Wednesday, July 27, 2011

Why words?

Today, as Helena and I walked to the beach, she bow-wowed at every dog we saw, meowed at every cat, and even tried a neigh at the horse tied up in the wetlands by the dunes.  She makes the same sounds when she sees animals in her picture books: a couple of posts ago, I suggested that she is naming the animals in a kind of onomotopeia, but today as she and I talked, I reconsidered.

One of Helena's favorite videos right now is a Italian song about the sounds animals make: Il croccodrillo como fa?, and she loves another video that just shows animals and the sounds they make... What's interesting, though, is to watch how she gets scared at the sound of certain animals: yes, the crocodile, but also the cicada and the certain birds.  And as she and I talked as we walked to the beach today, I realized that (at least in the videos), she never gets scared by the animals whose sounds she knows how to make.



In the history of the West, at least since the Greeks, the role of language is to represent: words refer to things, and we judge their truth based on whether or not they reflect what's there in the world truly.  And though it might seem that Helena uses "bow-wow" to refer to a dog, honestly I don't think that's what she is doing.  I think there is something much more complicated and interesting going on here.

According to Eduardo Viveiros de Castro, while European epistemology (the science of how we know what we know) is based on ideas of reference and signification, Amazonian Indians see truth not as representation, but as a shift in perspective.  The shaman doesn't know the jaguar by studying it from outside, but by learning to look through the eyes of the jaguar.  One of the techniques that Amazonian shamans use to see through the eyes of the other is sound: one tribe will "steal" the songs of another and then sing them to try to understand the perspective of their enemy (in Araweté, strikingly, the word for "enemy" literally translates as "future music".).

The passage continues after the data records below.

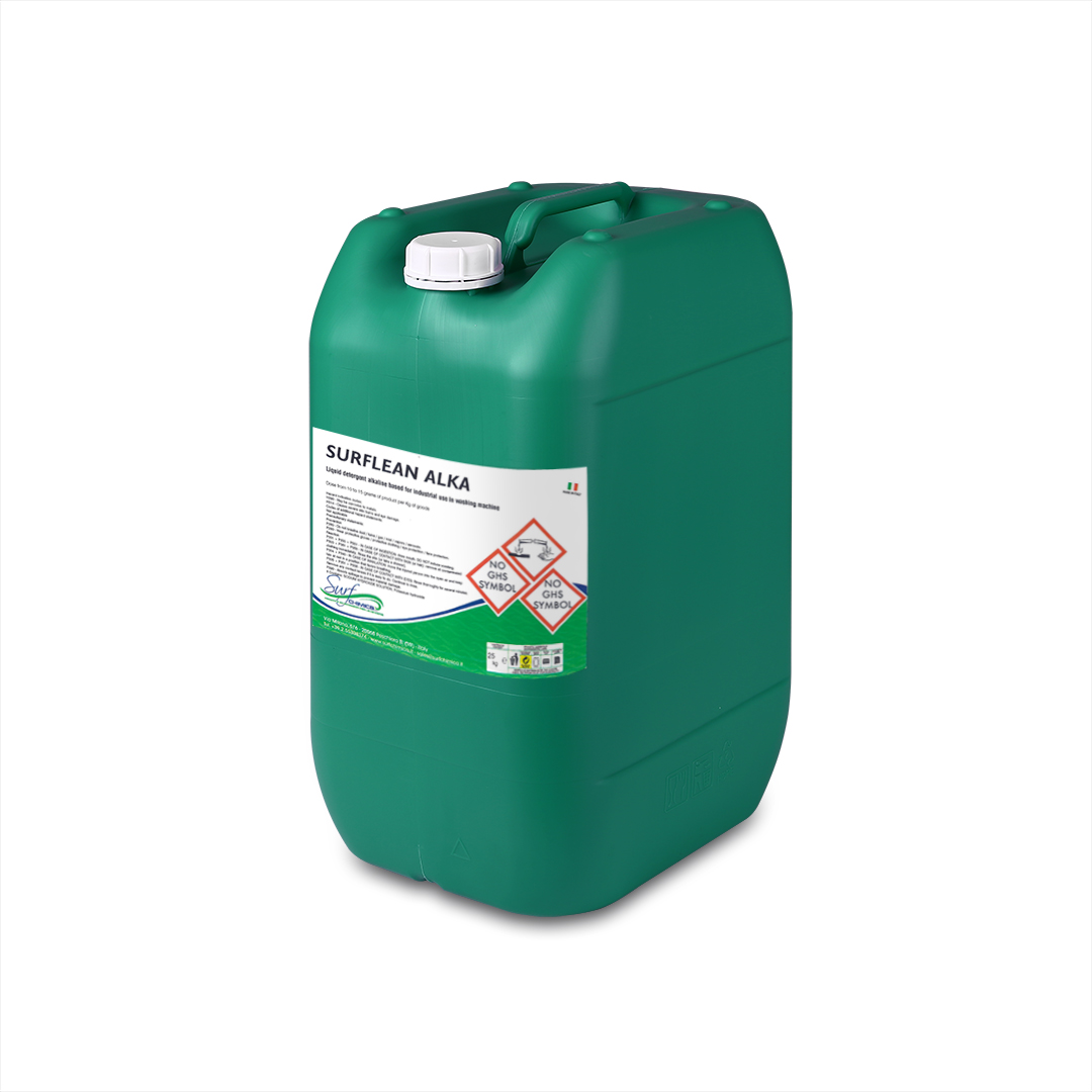 Surflean Alka: detergente alcalino liquido per lavaggio industriale. pH 14, sgrassante, non schiumogeno. Efficace da 60 °C. Acquista su Lavanderia Store.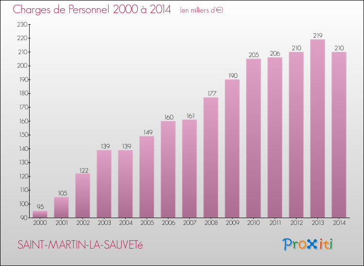 En 2014, à Saint-Martin-la-Sauveté, ce budget est en baisse de 4.11 % par rapport à 2013.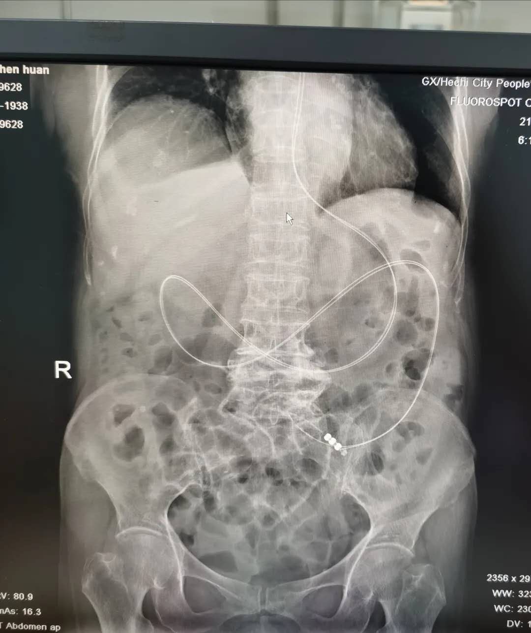 9月21日下午,超声科韦荣文主任、神经外科盘丽华护士长共同为患者行超声引导下鼻空肠管置入术,由于空肠管较长加上途经的解剖结构复杂,曲折,空肠管能顺利穿过幽门是置管的关键和难点,但最后经过两人默契的配合,顺利地将空肠管经鼻腔、胃到达十二指肠,成功置入患者空肠内,手术过程中患者无呛咳、无胸闷气促等现象,置管手术顺利完成。术后,经过腹部平片检查,结果显示该管道完整到达空肠腔内。置入后患者无不良反应,进食后无发生呕吐现象。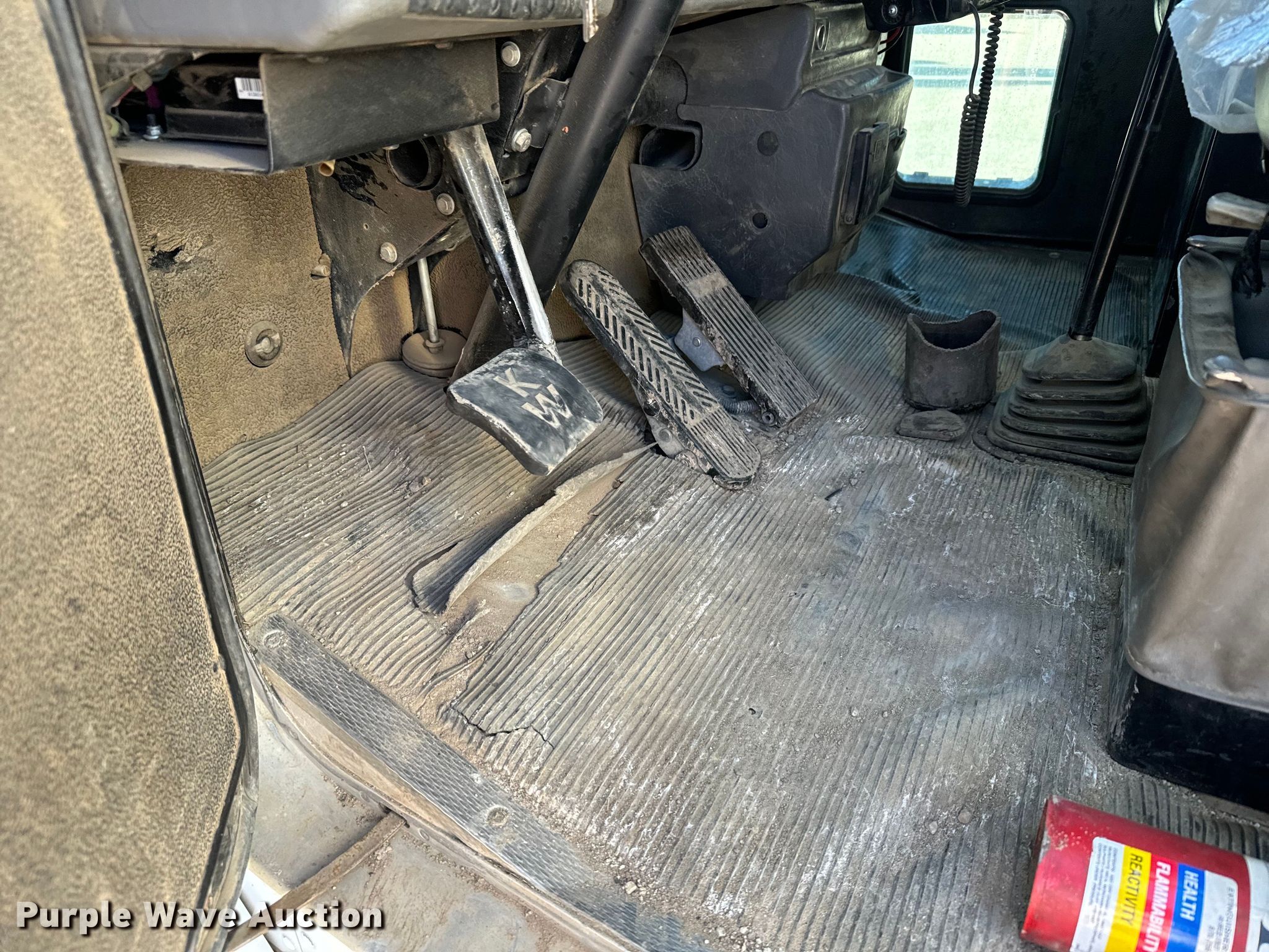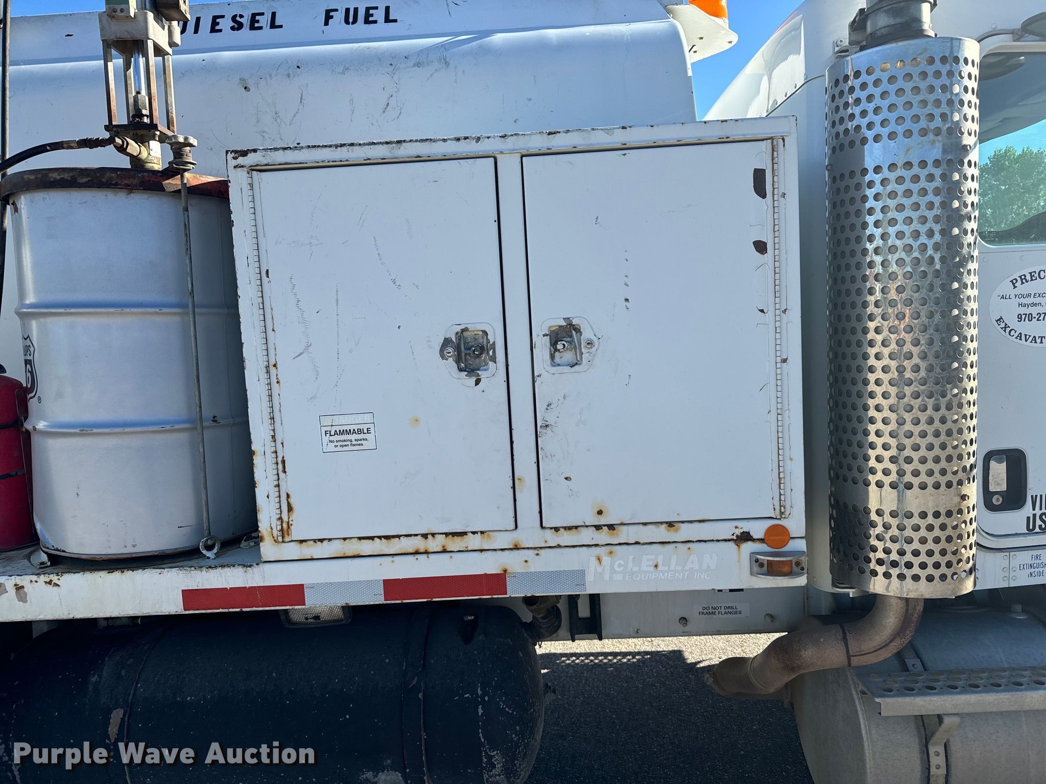 2005 Kenworth T300 fuel / lube truck. Miles: 3,067 on odometer Actual mileage unknown, VIN: 2NKMHD7X45M072459, Unit #: TR-10. Engine Caterpillar C7, Displacement: 7.2L, Cylinders: 6, Fuel type: Diesel, Engine brake. Transmission Eaton Fuller, Manual, Speed: 10. Chassis Axles: Single, Suspension: Spring, Brakes: Air, PTO, GVWR: 33,000 lbs. Interior AC, Heat, Cruise control. Features Bed McLellan, 15' 9" L x 96" W, Air compressor, Oil/lube system Hose reels, Nozzles, Pump, Reservoirs Hydraulic fluid, Grease, Motor oil, Used oil, Fuel tank Nozzles, Pump, Water Hose reel, Antifreeze Hose reel, ISO 160 Hose reel.. Tires Front: 315/80R22.5, Rear: 11R22.5. Notes Windshield chipped or cracked, Odometer replaced at 147,661 miles. View repairs. Colorado title. Mileage has not been verified. Odometer discrepancy will be marked on the title. Precision Excavating, Inc. Open Inspection September 18 and October 14 from 9 A.M. to 3 P.M. MST. 1545 West Jefferson Avenue. Hayden, CO 81639

Let's add another element here: understanding is one way to overcome our fear.  Just giving a thing a name can help, but the better we understand the motivations, the experience, the perspective of what frightens us, the less we fear it.

 I wonder, then, if Helena Iara making the sound of animals that scare her, isn't living out the Guaraní heritage of her middle name.  Helena used to be fascinated and terrified by dogs, but since she has learned to say "bow-wow," both naming them and putting their voice in her mouth, the terror has subsided.  She makes a sound, incarnates their perspective (even if in a very superficial way), and comes to fear them less.

If she's really doing this, she's pretty darn clever.